=== Problem ===
What is needed is an exact reproduction of the lines in the records below, starting at the line with "28日上午,威海城区沈阳南路" and ending at the line with "determineActionURL() 方法先定位到了对应的 action,再进行", both included, and nothing else; pictures stay out.
(Records for this task)
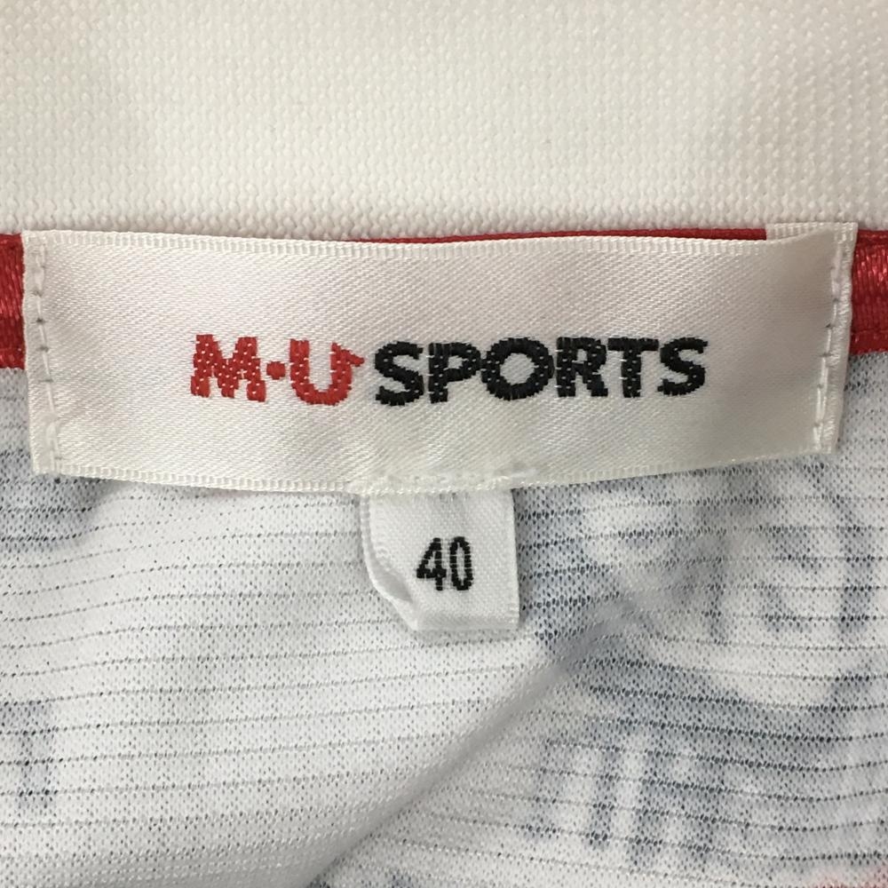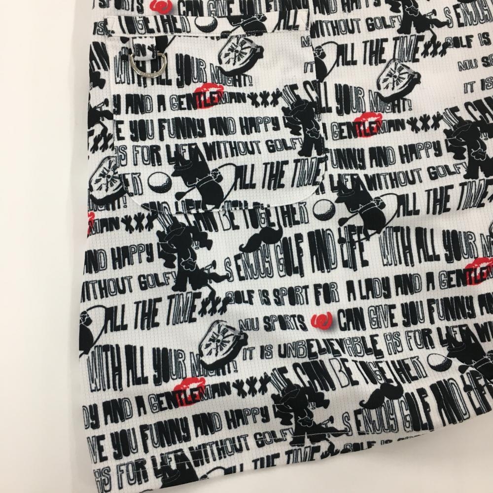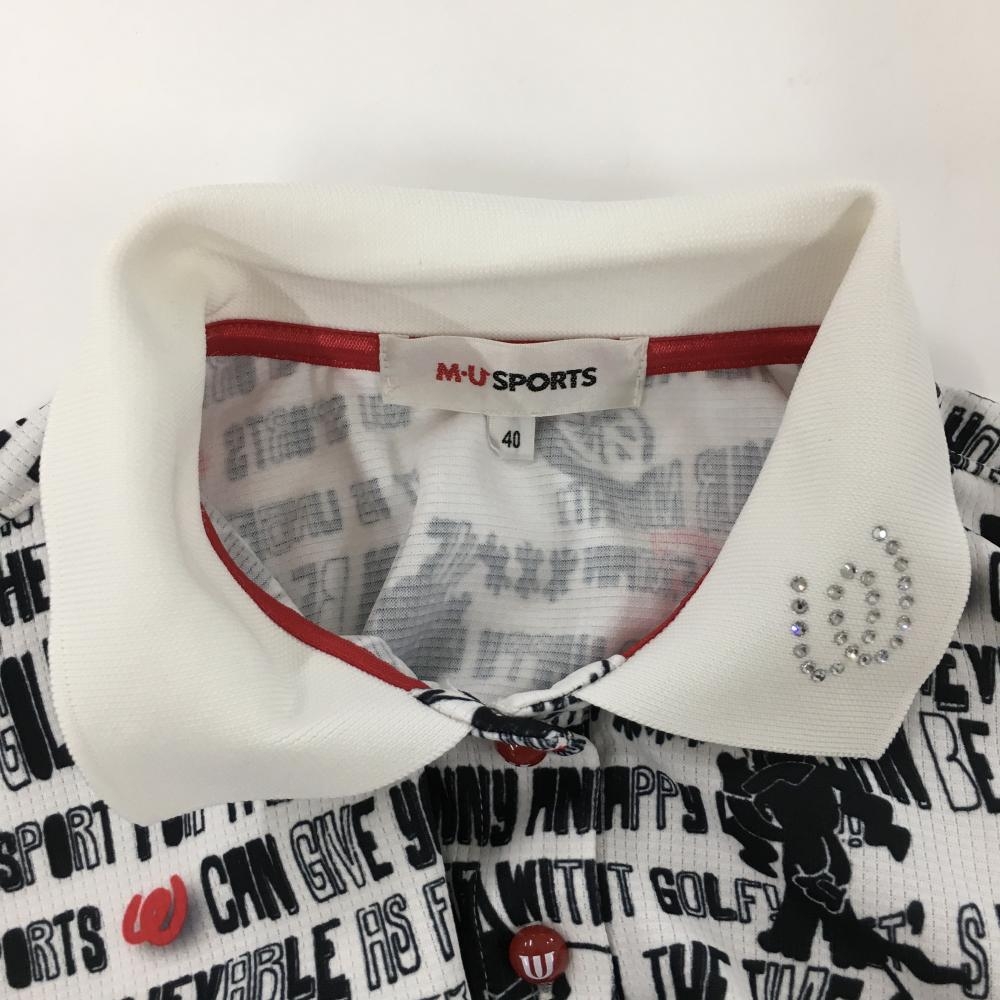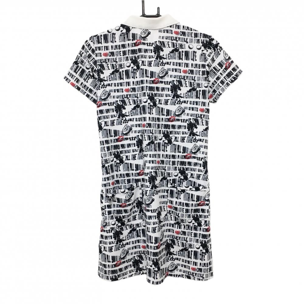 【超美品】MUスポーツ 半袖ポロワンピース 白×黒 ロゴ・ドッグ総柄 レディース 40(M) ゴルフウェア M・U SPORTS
(End Records for this task)
(Records for this task)
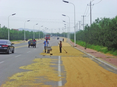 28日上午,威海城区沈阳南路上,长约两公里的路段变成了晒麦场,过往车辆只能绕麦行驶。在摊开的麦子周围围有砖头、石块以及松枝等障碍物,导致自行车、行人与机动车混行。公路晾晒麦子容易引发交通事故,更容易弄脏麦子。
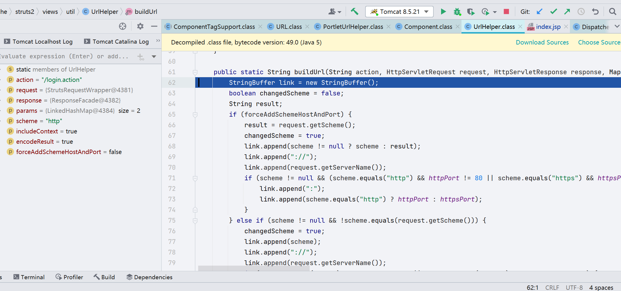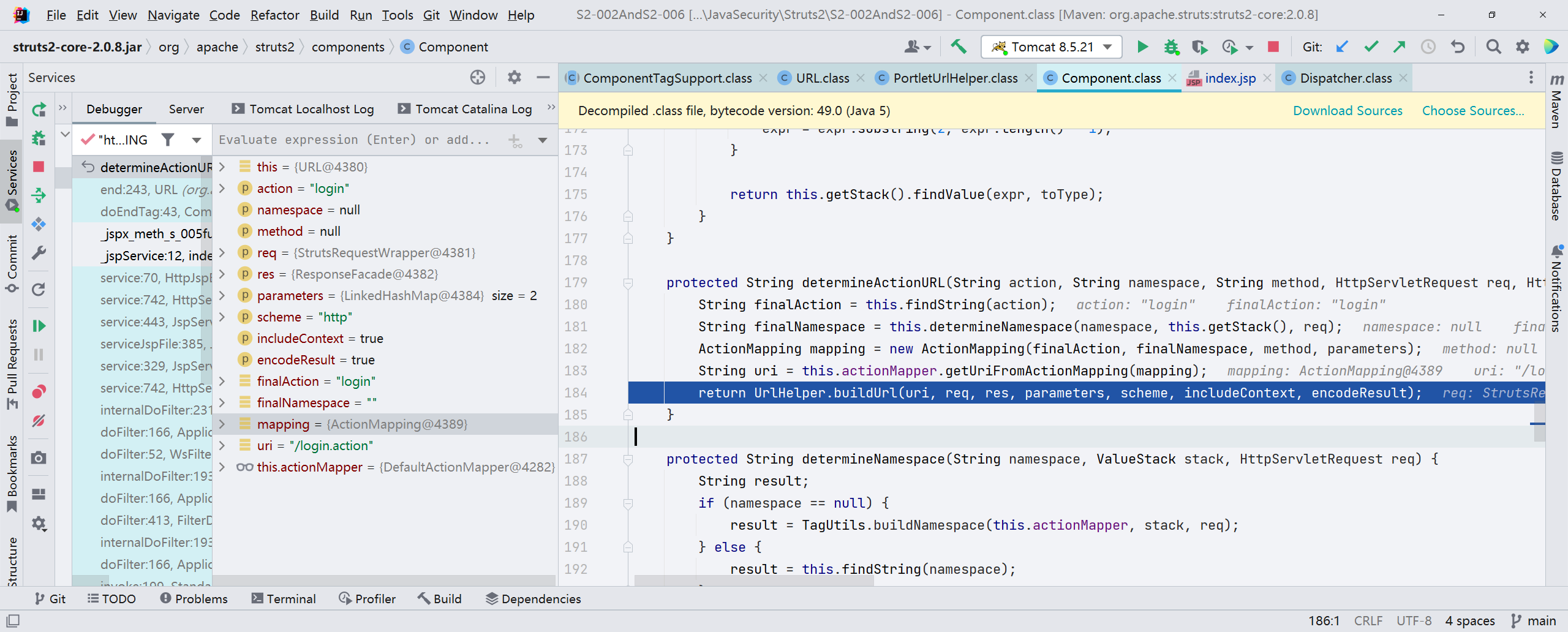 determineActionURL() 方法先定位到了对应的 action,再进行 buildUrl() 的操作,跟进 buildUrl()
(End Records for this task)
=== Exercise result ===
 28日上午,威海城区沈阳南路上,长约两公里的路段变成了晒麦场,过往车辆只能绕麦行驶。在摊开的麦子周围围有砖头、石块以及松枝等障碍物,导致自行车、行人与机动车混行。公路晾晒麦子容易引发交通事故,更容易弄脏麦子。
 determineActionURL() 方法先定位到了对应的 action,再进行 buildUrl() 的操作,跟进 buildUrl()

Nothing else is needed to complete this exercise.